= TRY IT =
Read through the data below and state how many of its lines contain the word "from", adding nothing.

= DATA =
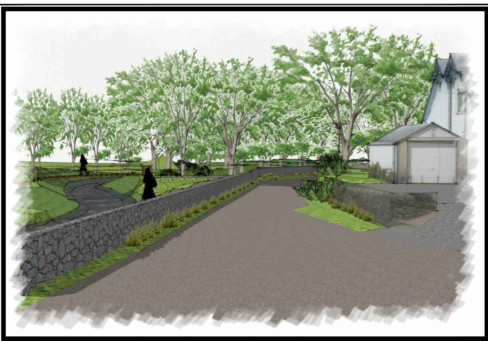
Artist's Impression No.1

This map is reproduced from Ordnance Survey material by Halcrow on behalf of Scottish Borders Council with the permission of the Controller of Her Majesty's Stationery Office. © Crown copyright. Unauthorised reproduction infringes Crown copyright and may lead to prosecution or civil proceedings. Licence Number: 100023423
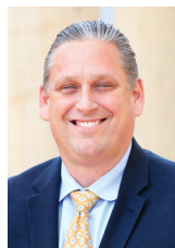
Tony Strickland Mayor

714/536-5553 • www.huntingtonbeachca.gov
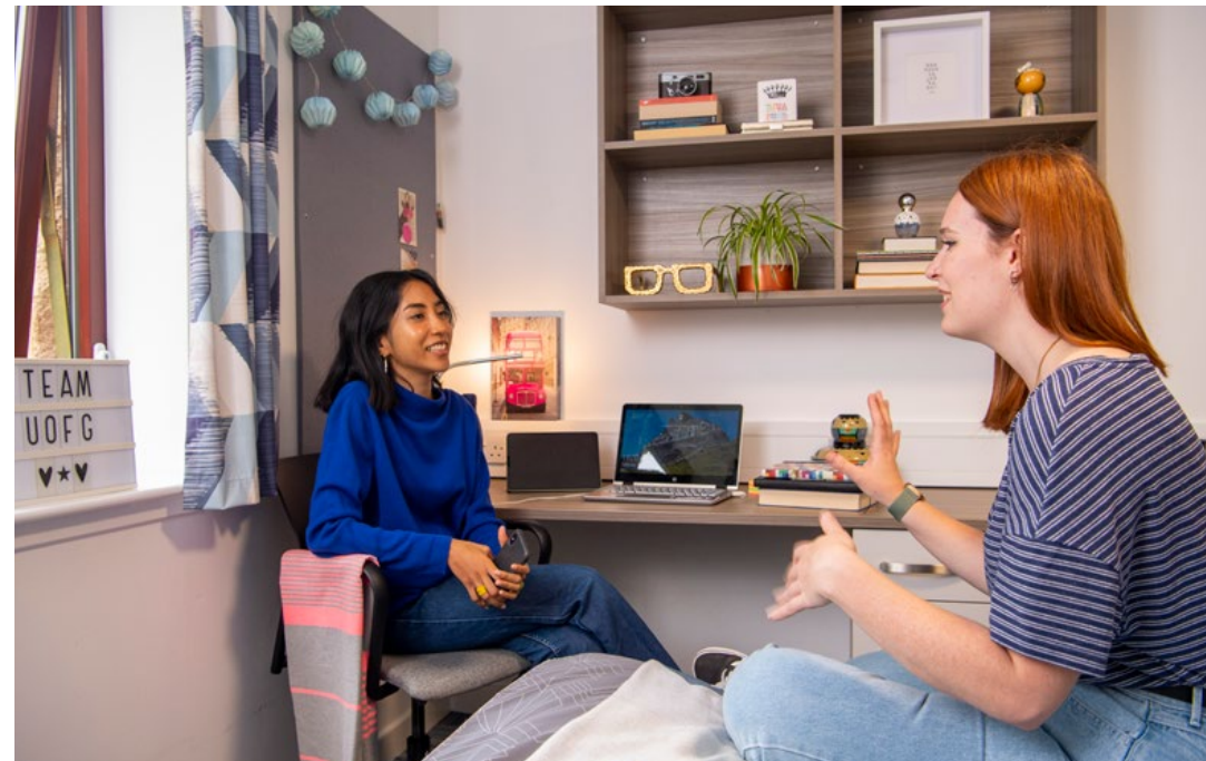
Accommodation Services offer a variety of residences and room types to choose from.
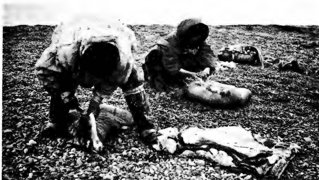
Figure 6.--Eskimo hunter (dressed in walrus-intestine parka) preparing walrus for storage. Pieces of hide measuring about 2 by 3 feet, with blubber and a thin layer of meat attached, are folded and sewed together with walrus hide rope.

= OUTPUT FOR THIS EXERCISE =
2